Böyle bir durumun varlığı, son olayların perde arkasında her iki taraftaki nükleer anlaşmaya karşı olanların olabileceğini akla getiriyor.
Asıl
aktör İsrail mi?
Ayrıca
şiddetin tırmandırılmasında İsrail’in rolünün olabileceği akla geliyor. Çünkü
İsrail, nükleer anlaşmaya Obama döneminden beri karşı çıkıyor olsa da anlaşmayı
engellememişti.
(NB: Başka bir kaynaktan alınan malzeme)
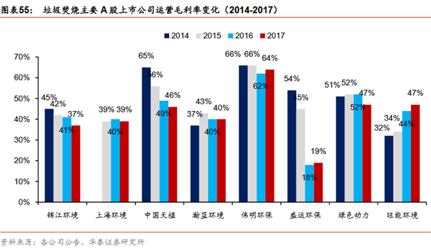 上市公司會(huì)計(jì)政策差異:垃圾焚燒會(huì)計(jì)處理方法各不相同。下面我們選取了行業(yè)里一些主要的上市公司分析,匯總?cè)缦卤?,其中:BOT計(jì)入工程收入的主要有錦江環(huán)境、光大國(guó)際、上海環(huán)境、瀚藍(lán)環(huán)境、盛運(yùn)環(huán)保、綠色動(dòng)力;BOT計(jì)入設(shè)備銷售收入的主要有:光大國(guó)際、中國(guó)天楹、偉明環(huán)保、盛運(yùn)環(huán)保,其中偉明環(huán)保的設(shè)備銷售的毛利率較高,大約在46%左右;各公司的運(yùn)營(yíng)毛利率有一定差異,大部分公司2016年毛利率出現(xiàn)了同比下滑,預(yù)計(jì)由于新投運(yùn)項(xiàng)目的盈利能力不如老項(xiàng)目所致。其中偉明環(huán)保垃圾發(fā)電項(xiàng)目毛利率高出行業(yè)平均較多,主要是因?yàn)樵O(shè)備折舊費(fèi)用少,設(shè)備折舊費(fèi)用可以占到垃圾焚燒成本的40%-50%,而偉明環(huán)保的設(shè)備折舊較少主要有兩點(diǎn)原因:1)偉明環(huán)保自產(chǎn)爐排爐設(shè)備,同時(shí)不計(jì)設(shè)備銷售收入,因此在在建工程確認(rèn)時(shí)并不包含設(shè)備毛利(一般設(shè)備毛利率約40%),因此最終轉(zhuǎn)入無(wú)形資產(chǎn)特許經(jīng)營(yíng)權(quán)的金額比其他公司大約節(jié)省了40%的設(shè)備投資;2)偉明環(huán)保采取的折舊方法是按照特許經(jīng)營(yíng)權(quán)年限折舊,按照2016年特許經(jīng)營(yíng)權(quán)折舊的數(shù)據(jù)估計(jì),綜合折舊年限在25年,折舊年限長(zhǎng)于啟迪桑德、瀚藍(lán)環(huán)境、中國(guó)天楹、光大國(guó)際(這些公司采取特許經(jīng)營(yíng)權(quán)和資產(chǎn)使用年限孰短的方法折舊,一般綜合折舊年限為20年)。
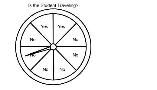 Jasmine created this spinner to predict whether a randomly selected student in her school will be traveling during the upcoming holiday break.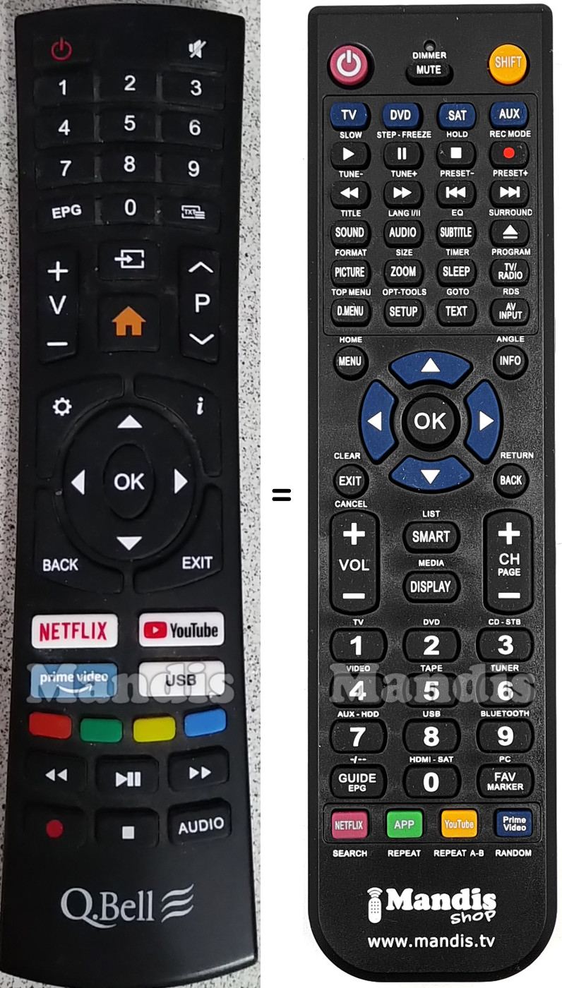 Aquest comandament a distància substitueix completament el teu QT32NX73 en totes les seves funcions. No és un comandament universal, sinó una còpia exacta del teu original.

Fakat Trump başkan seçilince ABD içindeki lobilerin de
etkisiyle Trump’ın anlaşmadan çekilmesini ve İran’a yaptırımların
ağırlaştırılmasını sağladılar.
Biden
başkan seçilince anlaşmanın yeniden hayata geçme ihtimâli belirdi. İsrail de bu
ihtimâli ortadan kaldırmak için şiddeti tırmandırmaya başladı.
Şii
gruplara karşı son yapılan saldırılarda İsrail’in bizzat yer alması da şiddetin
İsrail tarafından tırmandırıldığına işaret eden bir başka ayrıntı olarak göze
çarpıyor.
Biden
yönetiminin anlaşmaya dönme eğiliminde olması, İsrail’in böyle bir anlaşmayı
istememesi ve bölgedeki şiddetin Biden’in görevi resmen devralmasından hemen
sonra başlamış olması da tırmanan şiddetin arkasında İsrail’in olabileceğini gösteriyor.